Borough & Bankside Community Council this week voted unanimously to refuse permission for the partial demolition of early 20th century workshop buildings between Glasshill Street and King's Bench Street.
Some of the buildings are currently occupied by the Alma Enterprises art gallery whilst the complex also includes artists' studios managed by ASC. Artists working in the buildings have created pieces shown at the Highline in New York, the Hermitage Museum in St Petersburg, the London Design Festival and the biennial Drift festival on the River Thames.
Permission to redevelop the site with eight homes – whilst retaining the facades of the current buildings – was granted in 2008 but since this time the King's Bench conservation area has been created which means that express consent is required for the demolition of the existing structures.
Councillors were not convinced that the developer had provided sufficient justification for the demolition of the buildings and by the financial appraisal that claimed it was not viable to restore and upgrade the existing buidlings.
Members were also concerned about the impact of demolition on the wider conservation area with the light industrial buildings that were once typical of this neighbourhood rapidly disappearing.
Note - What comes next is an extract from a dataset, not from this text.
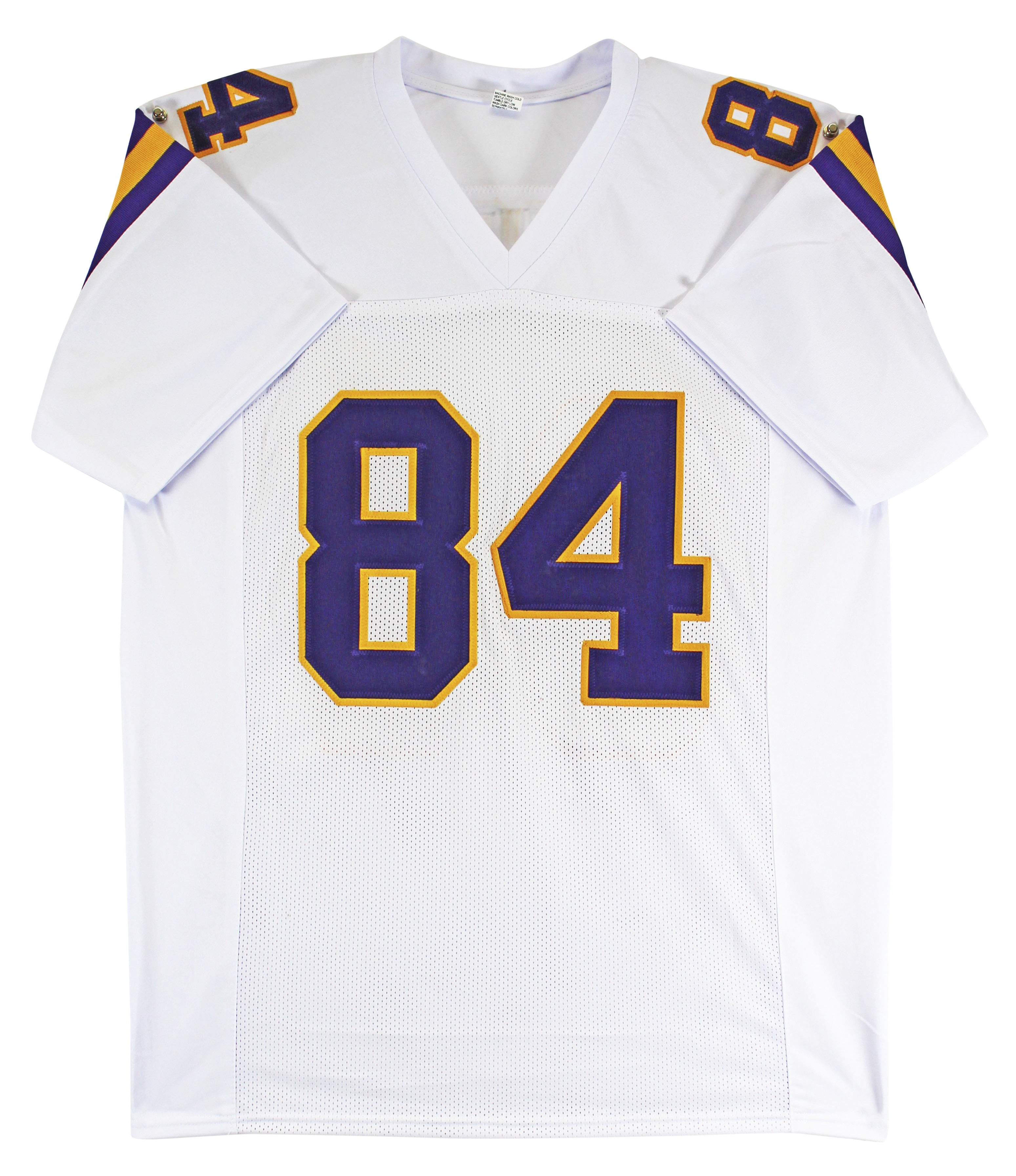 This Autographed White Pro Style Jersey has been Personally Signed by Randy Moss of the Minnesota Vikings. This item is 100% Authentic to include a Certificate of Authenticity (COA) / hologram by Beckett Authentication Services. This is a BAS Witnessed Protection Program item which means a Beckett Authentication Service representative was present when this item was being signed. This is a stock item. We conducted an autograph signing with Randy Moss and we have several of these available. The one you will receive will be of equal quality to the one pictured. This item can be verified through BAS Witnessed. This is a X-Large sized, non-branded, custom-stitched Jersey.

Nearby Newspaper House is already scheduled for demolition which, together with the loss of this block, would leave just one building of this type remaining in the conservation area.
Objectors to the demolition included local gallery owner Poppy Sebire who said: "From what I know of the site, I am quite sure that a development could be achieved which keeps more than the facades of the building, plays to their industrial heritage and contributes to the resurgence of the creative economy in Southwark.
"You could presumably even do a mixed-use development with some housing. But demolishing the buildings is simply the wrong answer."